Cette équivoque, touchant tant le principe que l’identité du débiteur du paiement de la commission de l’agent immobilier, s’étendra de plus fort au mandat de recherche.
Ainsi, il n’existe aucune démonstration de la volonté claire et non équivoque de la société l’Ile aux Marais de reprendre en qualité de mandant le mandat de recherche souscrit par le seul Monsieur [B] avec la société Transac.
Enfin, la société Transac a délivré le 2 février 2022 une assignation devant le tribunal judiciaire de la Rochelle à Monsieur [B], pour réclamer directement à celui-ci le paiement de la clause pénale insérée au mandat de recherche : il s’en déduira de plus fort l’absence d’acceptation, par la société Transac, de la novation alléguée de débiteur qu’elle soutient désormais.
Il en sera déduit que la société l’Ile aux Marais n’a pas repris les engagements de Monsieur [B], qui est le seul à pouvoir en répondre.
Il ressort de ces éléments que la demande en paiement au titre de la clause pénale insérée dans le mandat de recherche liant Monsieur [B] et la société Transac, dirigée par celle-ci contre la société l’Ile aux Marais est irrecevable: le jugement sera infirmé de ce chef.
Sur l’abus de procédure :
Seule l’intention dolosive ou malicieuse, ou l’erreur grossière équivalente au dol, fait dégénérer en abus le droit d’ester en justice.
En l’espèce, l’erreur de la société Transac quant à l’existence de son droit, aussi importante soit-elle, ne caractérise pas suffisamment une telle erreur ou intention, et ce d’autant plus qu’elle a triomphé en première instance.

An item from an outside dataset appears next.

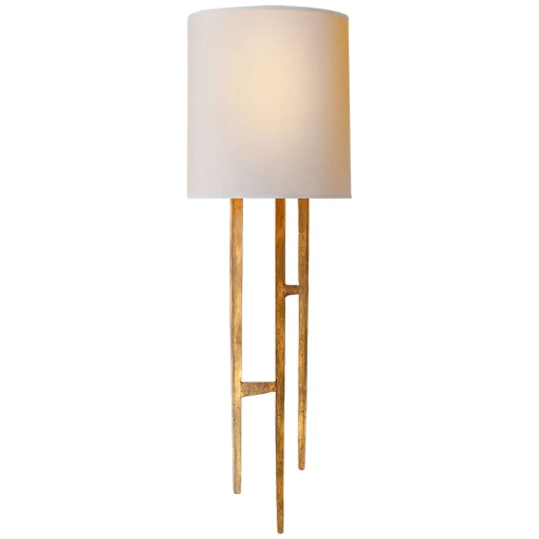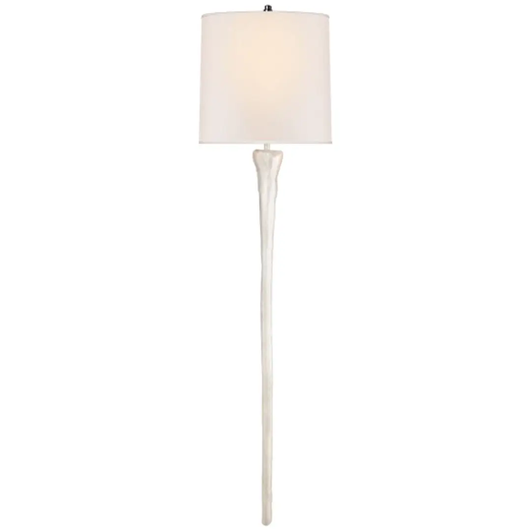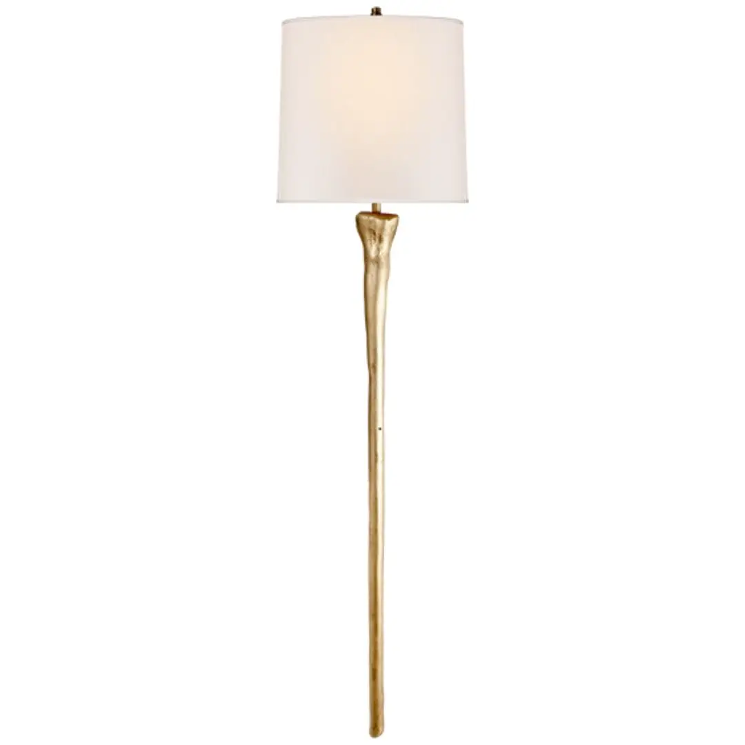Modern tripod floor lamp with beige lampshadeElegant living room with green coffee table and art

La société l’Ile aux Marais sera déboutée de sa demande indemnitaire pour procédure abusive, et le jugement sera confirmé de ce chef.
* * * * * *
Il y aura lieu de rappeler que le présent arrêt vaudra titre de restitution des sommes allouées en exécution du jugement déféré.

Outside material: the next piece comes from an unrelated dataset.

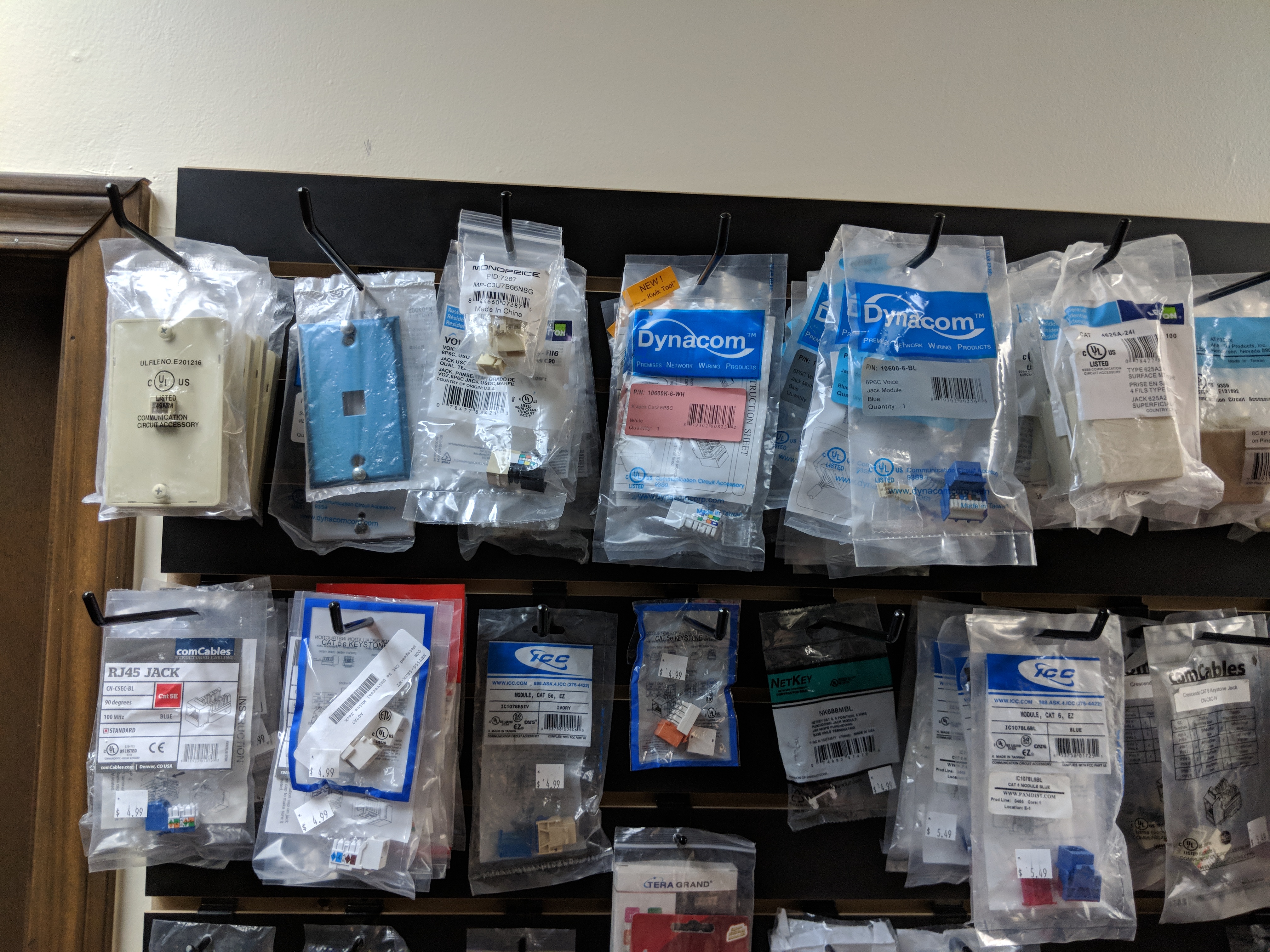 Fireytech keeps the largest in-stock selection of data jacks, keystones, patch cables, wall plates, 66-blocks, phone supplies, and cable management items in the Tulsa area. Perfect for DIY network installs or quick repairs—no waiting on shipping!

Le jugement sera infirmé en ce qu’il a condamné la société l’Ile aux Marais aux dépens de première instance et à payer à la société l’Ile aux Marais la somme de 2000 euros au titre des frais irrépétibles de première instance, en la déboutant de sa demande au même titre.
La société Transac sera déboutée de sa demande au titre des frais irrépétibles des deux instances,
La société Transac sera condamnée aux entiers dépens des deux instances et à payer à la société l’Ile aux Marais la somme de 4000 euros au titre des frais irrépétibles des deux instances.
PAR CES MOTIFS:
La cour,
statuant publiquement, par arrêt contradictoire, et après en avoir délibéré conformément à la loi,
Infirme le jugement déféré en toutes ses dispositions, sauf en ce qu’il a débouté la société à responsabilité limitée L’Ile aux Marais de sa demande de dommages-intérêts pour procédure abusive ;
Confirme le jugement déféré de ce seul chef ;
Statuant à nouveau dans cette limite et y ajoutant :
Déclare irrecevable la demande de la société à responsabilité limitée Transac Pme à l’encontre de la société à responsabilité limitée L’Ile aux Marais ;
Rappelle que le présent arrêt vaudra titre de restitution des sommes allouées en exécution du jugement déféré ;
Déboute la demande de la société à responsabilité limitée Transac Pme de sa demande au titre des frais des frais irrépétibles de première instance et d’appel ;
Condamne la société à responsabilité limitée Transac Pme aux entiers dépens de première instance et d’appel et à payer à la société à responsabilité limitée L’Ile aux Marais la somme de 4000 euros des frais irrépétibles de première instance et d’appel.